Гунтер огляделся, облегчение в глазах уступило место задумчивости, а лицо потемнело.
— У него особый щит, — сообщил он зло. — Никто еще не то чтобы пробить или расколоть, даже поцарапать не мог.
Я сказал разозленно:
— Все равно не понимаю.
— Чего, сэр Ричард?
— Молот башню разнес! По касательной или нет, он должен был… Нет, не понимаю.
Все молчали, Гунтер сказал серьезно:
— У вас молот непростой, у него — щит. Хорошо, сэр Ричард, здесь все кончено, мы будем во дворе. Надо осмотреть строения, подвалы…

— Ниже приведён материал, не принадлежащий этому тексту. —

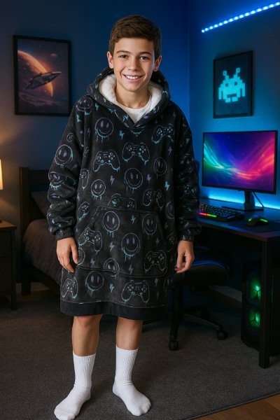 Cozy Noxxiez CH340 PC hráč potlač - hrejivá televízna mikinová deka s kapucňou pre deti 7 - 12 rokov

Я кивнул, они поспешно ушли, я двинулся по широкому коридору, поочередно толкая и дергая двери. Только одна оказалась закрытой, я прислушался, там слышались голоса и скрип придвигаемой мебели.
— Кто не спрятался, — повторил я и крикнул: — Ложись!
Молот разнес дверь в мелкие щепы, а с нею и мебель, собранную в баррикаду. В комнате в углах с ужасом смотрят на меня три женщины: одной лет тридцать или больше, уже старуха, по мнению моих ровесников, хотя сами с такими занимаются лавом вовсю, и две девчушки лет по пятнадцать.
Все трое завизжали. Я остановился на пороге, под ногами хрустят обломки дерева, вскинул властно ладонь, все трое так же разом замолчали, словно их выключили.
— Женщины и дети, — сказал я в пространство, ни к кому не обращаясь, — под защитой Ричарда де Амальфи, захватившего замок. Насиловать и бесчестить не входит в программу. Хотя, конечно, впоследствии могут быть внесены изменения.
Старшая женщина поднялась на ноги, смертельно побледнела, но в дрожащем от страха голосе прозвучали достоинство и гордость:
— Мы ценим эту черту рыцарства, сэр Ричард… я говорю о защите женской чести, но… что с моим мужем?
— Леди… — проговорил я. — Имею я честь говорить с женой… нет, с супругой лорда Уландра?
Она наклонила голову.
— Леди Гортензия, к вашим услугам, милорд.
— Леди Гортензия, — повторил я. — Это ваши дочери?
— Да, сэр Ричард.
Я подумал. Произнес осторожно:
— Полагаю, что вы их воспитали, как дочерей могучего лорда, который идет по жизни с мечом в руке… и потому знает, что навстречу может попасться с… еще более длинным мечом.
Она медленно кивнула, не сводя с меня взгляда.
— Да. Они — дочери воина.
— Тогда имею честь сообщить, что ваш муж доблестно и благородно защищал… да, защищал. Правда, он мог героически пасть, не сходя с места, но все-таки предпочел мудро отступить.
Она спросила с недоумением:
— Отступить? Что это значит?
— Он выпрыгнул из окна, — объяснил я попроще. — Сумел скрыться. Возможно, попытается найти приют и помощь у родни. Говорят, ее у вас, как у тараканов, видимо-невидимо.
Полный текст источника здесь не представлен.